[TASK DETAILS]
Retype the records below exactly as they stand, but with no images.

[RECORDS FOR PROCESSING]
######

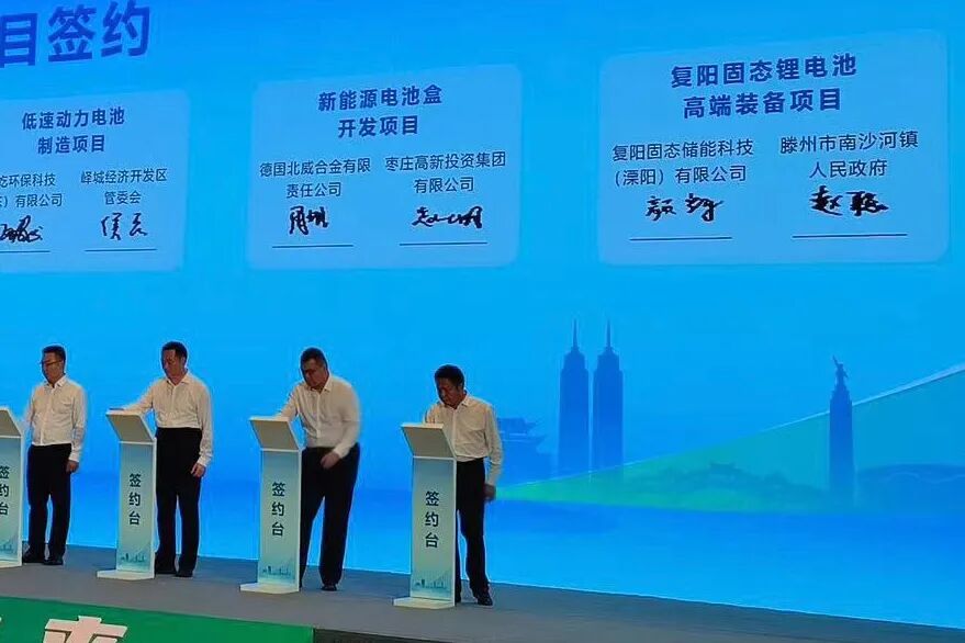 开幕式上,南沙河镇党委书记赵聪与复阳固态锂电池高端装备项目负责人现场签约。
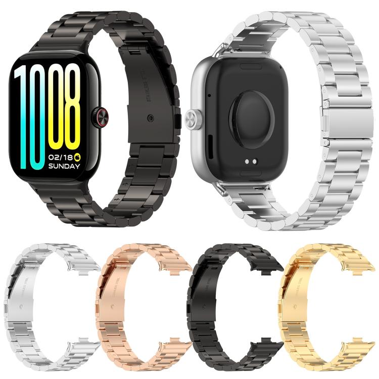 Correa de acero inoxidable con hebilla plana de tres cuentas para VivoWatch GT 2 / iQOO Watch GT 2 (oro rosa)
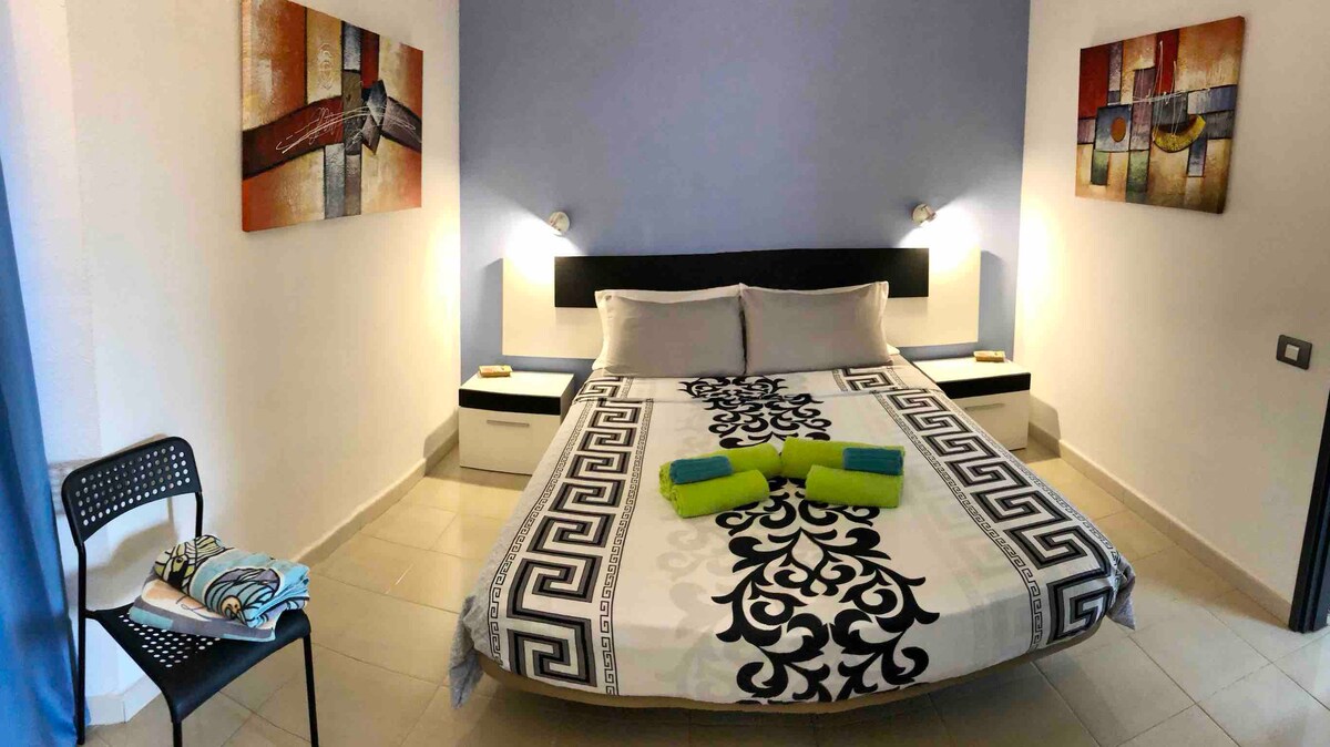 Magbakasyon nang may estilo sa tuluyang ito na ilang metro lang ang layo sa sentro. Matatagpuan ang Sahara Beach 100 metro mula sa sentro ng Caleta de Fuste, ilang metro lang mula sa mga bar, restawran, at pamilihan. Ganap na na - renovate gamit ang mga de - kalidad na pagtatapos. May dalawang kuwarto, banyo, sala, kumpletong kusina, outdoor terrace, libreng Wi‑Fi, dishwasher, community pool at bar sa loob ng complex, at pribadong paradahan. May hiwalay na pasukan.
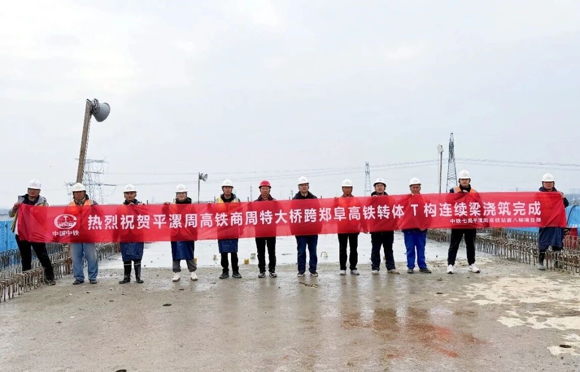 10月21日,经过9个小时的连续浇筑,平漯周高铁全线首个涉铁连续梁——商周特大桥跨郑阜高铁转体T构连续梁顺利完成混凝土浇筑。这标志着由中铁七局承建的平漯周高铁站前八标完成了所有连续梁主体结构混凝土浇筑,为后续架梁施工奠定了坚实基础。
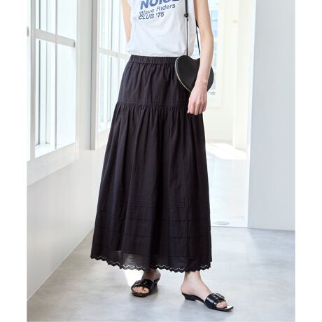 裾にはオリジナル刺繍をあしらい、スカラップ仕様でさりげないアクセントをプラス。

######

[OUTPUT FOR THIS TASK]
 开幕式上,南沙河镇党委书记赵聪与复阳固态锂电池高端装备项目负责人现场签约。
 Correa de acero inoxidable con hebilla plana de tres cuentas para VivoWatch GT 2 / iQOO Watch GT 2 (oro rosa)
 Magbakasyon nang may estilo sa tuluyang ito na ilang metro lang ang layo sa sentro. Matatagpuan ang Sahara Beach 100 metro mula sa sentro ng Caleta de Fuste, ilang metro lang mula sa mga bar, restawran, at pamilihan. Ganap na na - renovate gamit ang mga de - kalidad na pagtatapos. May dalawang kuwarto, banyo, sala, kumpletong kusina, outdoor terrace, libreng Wi‑Fi, dishwasher, community pool at bar sa loob ng complex, at pribadong paradahan. May hiwalay na pasukan.
 10月21日,经过9个小时的连续浇筑,平漯周高铁全线首个涉铁连续梁——商周特大桥跨郑阜高铁转体T构连续梁顺利完成混凝土浇筑。这标志着由中铁七局承建的平漯周高铁站前八标完成了所有连续梁主体结构混凝土浇筑,为后续架梁施工奠定了坚实基础。
 裾にはオリジナル刺繍をあしらい、スカラップ仕様でさりげないアクセントをプラス。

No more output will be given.